IGN: Really? I took a utopian fiction course at U.C. Berkeley and it was one of the most interesting courses I've ever taken.

Ken Levine: Yeah. There was a great period in the middle of the last century where there was a lot of people, Aldous Huxley, Orwell, Rand -- and Rand, she sort of obliquely wrote about utopia. There was a notion about utopia where, I don't think people buy utopia anymore, which is kind of a shame. Utopian almost invariably leads to distopia, and when I was a kid I was obsessed with Logan's Run.

IGN: Yes, I saw that and loved it when I was a kid, too. I look back on the movie now and think that movie must be so horrible now. (Laughter.)

Ken Levine: Yes, it's horrible, horrible. (Laughter.)

IGN: But the ideas were good.

Ken Levine: The ideas were good. Did you ever read the book?

IGN: No.

Ken Levine: I was so obsessed with the book and the movie that, just a few years ago, I re-wrote -- just for fun -- a screenplay of the book the way I thought it should have been done. I knew it wasn't going to get made. I'm not in the film industry. I just did it because I wanted to because I was obsessed with it. Just the utopian notions were fascinating. What happens when you take any idea to the extreme, and that's what I think BioShock is about. It's about an ideology, an ultra-capitalist vision. And listen, I'm a capitalist. I run a videogame company. I'm not exactly running a commune over here, but whenever you take any notion to an extreme, what can happen? And what are the dangers of that. And all these themes tied together. Anything that can be good and you push it too far, what happens when you push it too far? But in order for it to work, there had to be a kind of sadness to it, that this place could have been amazing.

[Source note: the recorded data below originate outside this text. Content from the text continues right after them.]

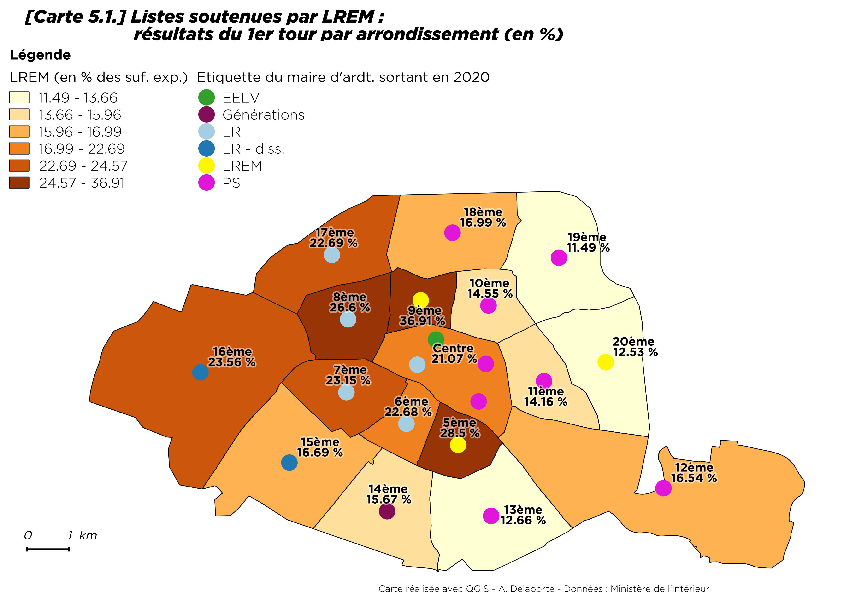 Alors que La République en marche avait initialement fait de Paris un de ses principaux enjeux de conquête, l’apparition de ce nouvel acteur partisan n’aura eu des effets qu’à la marge. Les seuls arrondissements où LREM est arrivée en tête le 15 mars sont ceux où des maires sortantes, élues sous l’étiquette Les Républicains en 2014, se présentaient en soutien à la candidature d’Agnès Buzyn. Hors de ces deux exceptions, les listes de Rachida Dati sont en tête dans les arrondissements de droite et celles d’Anne Hidalgo dans les arrondissements détenus par la gauche. Dans le nouveau secteur Paris Centre (fusion des 1er, 2e, 3e et 4e arrondissements), où LREM avait réalisé parmi ses meilleurs scores aux élections européennes [6], le scrutin donne une nette avance à la liste « Paris en commun », rassemblant notamment derrière Anne Hidalgo le Parti socialiste et le Parti communiste.
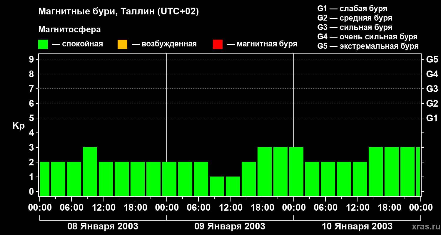 Изменения геомагнитного индекса Kp с 8 по 10 января 2003 года для средних широт
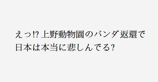 4、そもそも上野動物園にいかないと見れないわけだし、東京にいったときに何かのついででパンダも見た人ならいても、パンダを見るためだけに上京したことのある地方在住の人は、いたとしても国民のごくごく一部でしょう。エリマキトカゲやコアラなど、ブームになった動物はこれまでにもけっこういましたけど、いなくなったらいなくなったで他のブームができますよ。というか、熊被害が増加中の日本では熊猫はややイメージ落としているような。ましてこういう政治的威嚇の道具として使われればね。中国自らパンダの価値落としてどうするんですか。
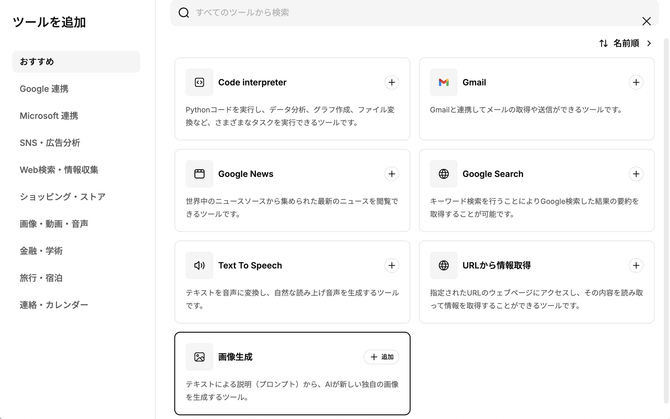 エージェントアプリの作成画面・編集画面では、ツール追加をすることができます。

IGN: It sounds like your game is taking Greek ideals and putting them underwater. For instance, how did you come up with an underwater city?

Ken Levine: One thing I wanted to do was create a game that was separate from the real world for several reasons. One is that I think when you make a place that takes place in the real world, like when you take a game like Deus Ex 2, for instance, it had some great stuff, and it had some problems. One of the problems I've always had with it is, and it's not their fault, but, you know, you're supposed to be in Seattle. And you're so obviously not in Seattle. There is a hallway with a barricade. When you get too ambitious and try to re-create a real space, either you have to really go all out and make a game like Oblivion…but even that has real limitations, even World of Warcraft -- where do people live in World of Warcraft? They don't. It's not really a world. But it's very fantastical, and so you buy it. But with a game that supposed to feel realistic, those rough edges really show.